In algebraic geometry, a branch of mathematics, a Hilbert scheme is a scheme that is the parameter space for the closed subschemes of some projective space (or a more general projective scheme), refining the Chow variety. The Hilbert scheme is a disjoint union of projective subschemes corresponding to Hilbert polynomials. The basic theory of Hilbert schemes was developed by (Alexander Grothendieck 1961). Hironaka's example shows that non-projective varieties need not have Hilbert schemes.

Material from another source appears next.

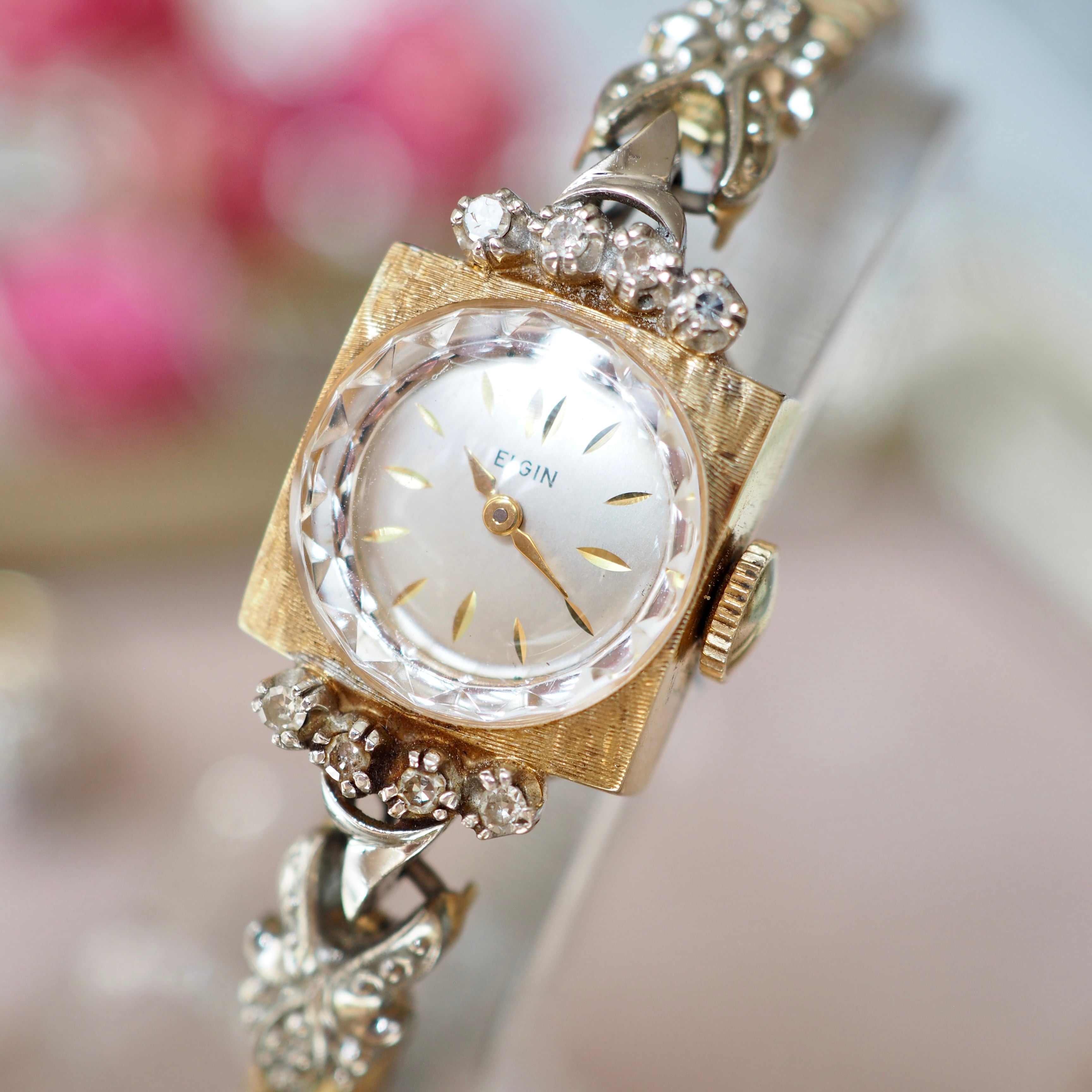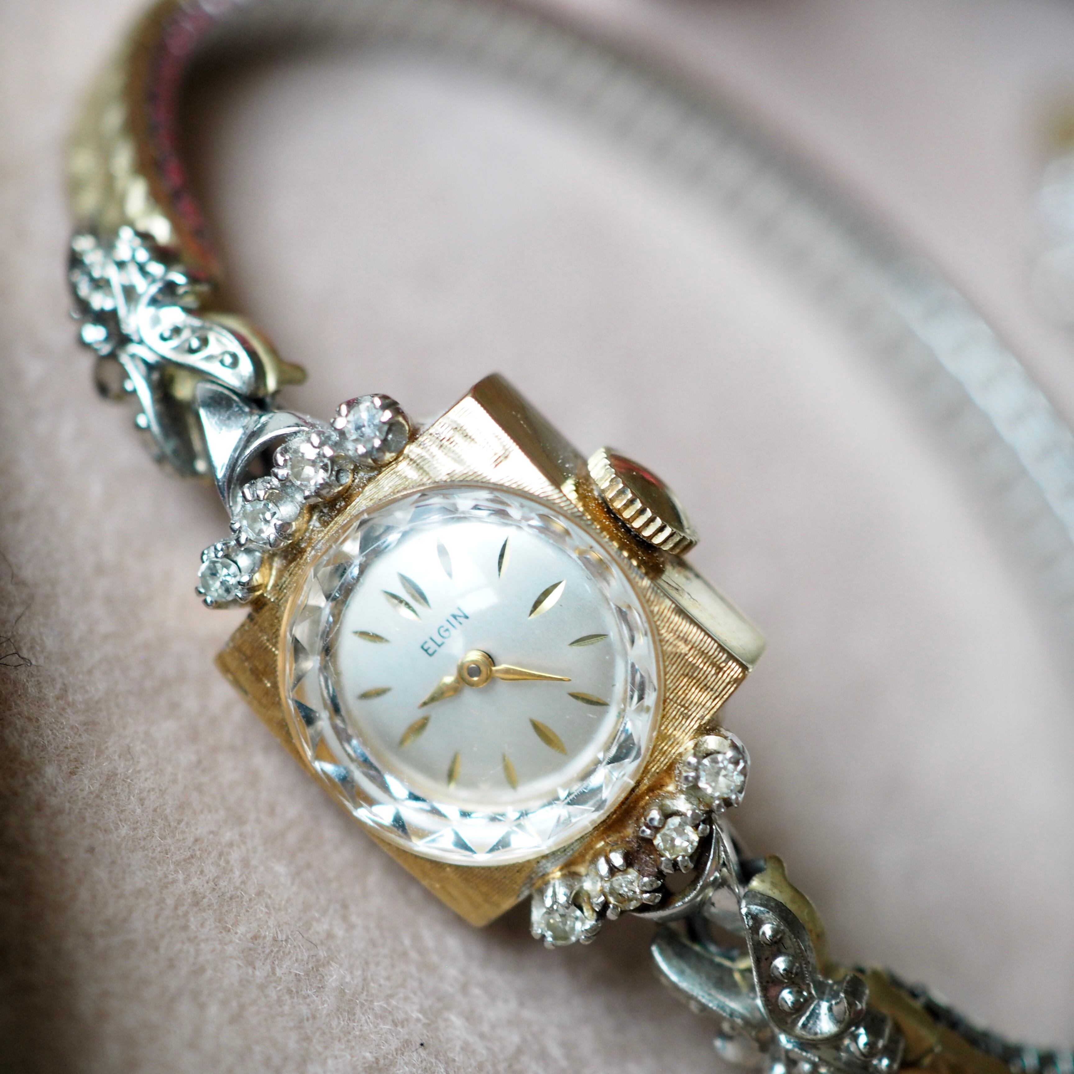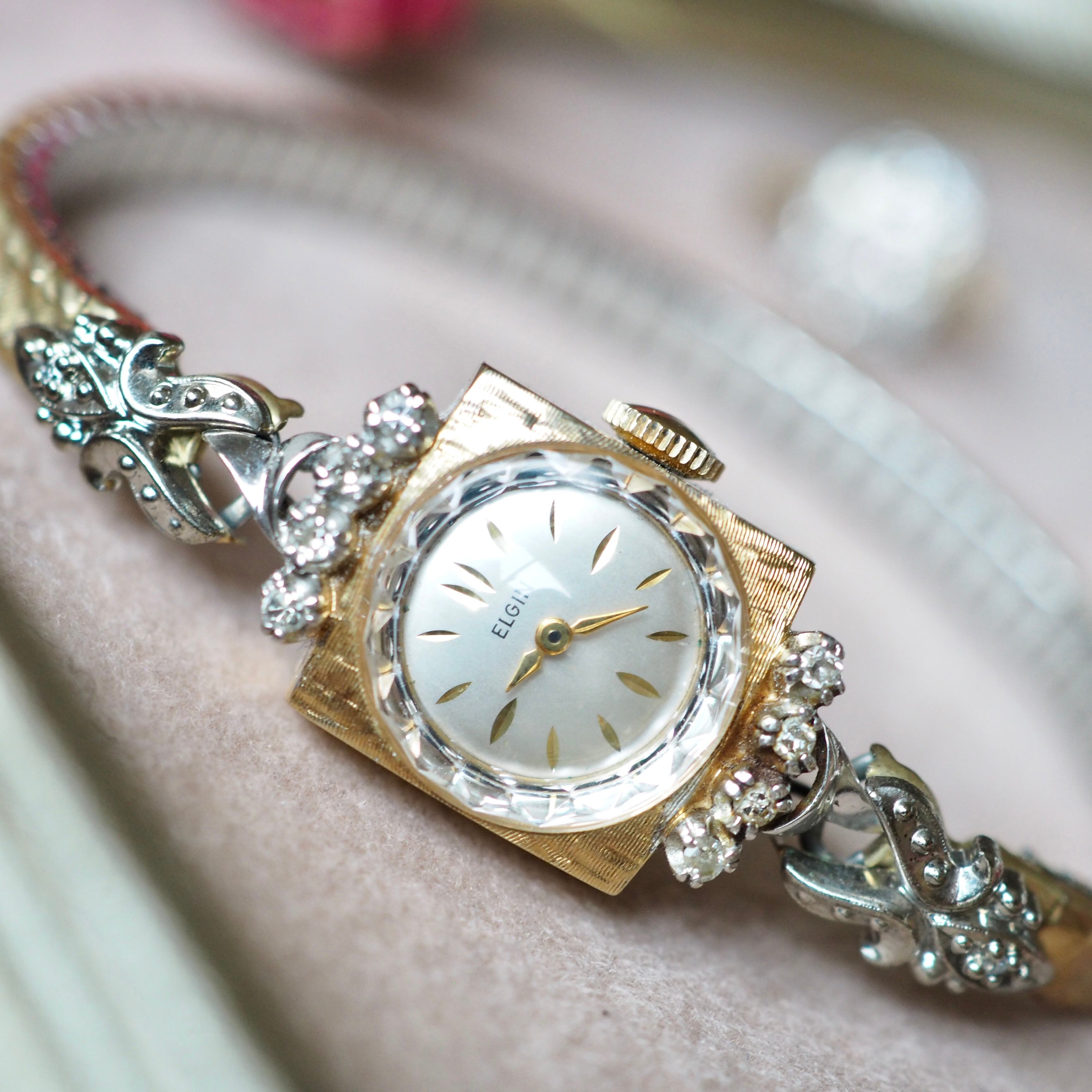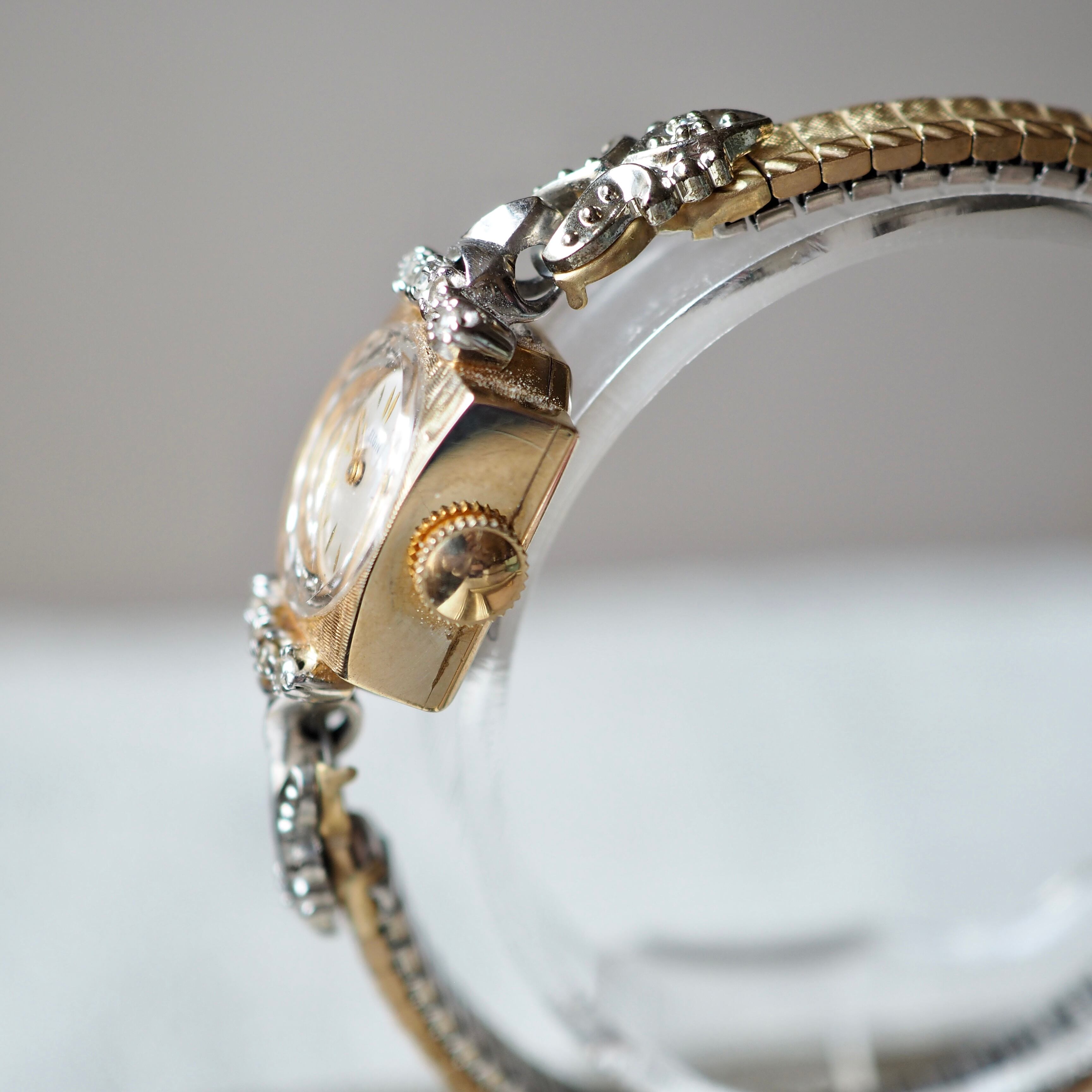 ELGIN エルジン K14無垢 ダイヤモンド コンビカラー カクテルウォッチ アンティーク時計

The Hilbert scheme Hilb(n) of Pn classifies closed subschemes of projective space in the following sense: For any locally Noetherian scheme S, the set of S-valued points
of the Hilbert scheme is naturally isomorphic to the set of closed subschemes of Pn × S that are flat over S. The closed subschemes of Pn × S that are flat over S can informally be thought of as the families of subschemes of projective space parameterized by S. The Hilbert scheme Hilb(n) breaks up as a disjoint union of pieces Hilb(n, P) corresponding to the Hilbert polynomial of the subschemes of projective space with Hilbert polynomial P. Each of these pieces is projective over Spec(Z).
Grothendieck constructed the Hilbert scheme Hilb(n)S of n-dimensional projective space over a Noetherian scheme S as a subscheme of a Grassmannian defined by the vanishing of various determinants. Its fundamental property is that for a scheme T over S, it represents the functor whose T-valued points are the closed subschemes of Pn ×ST that are flat over T.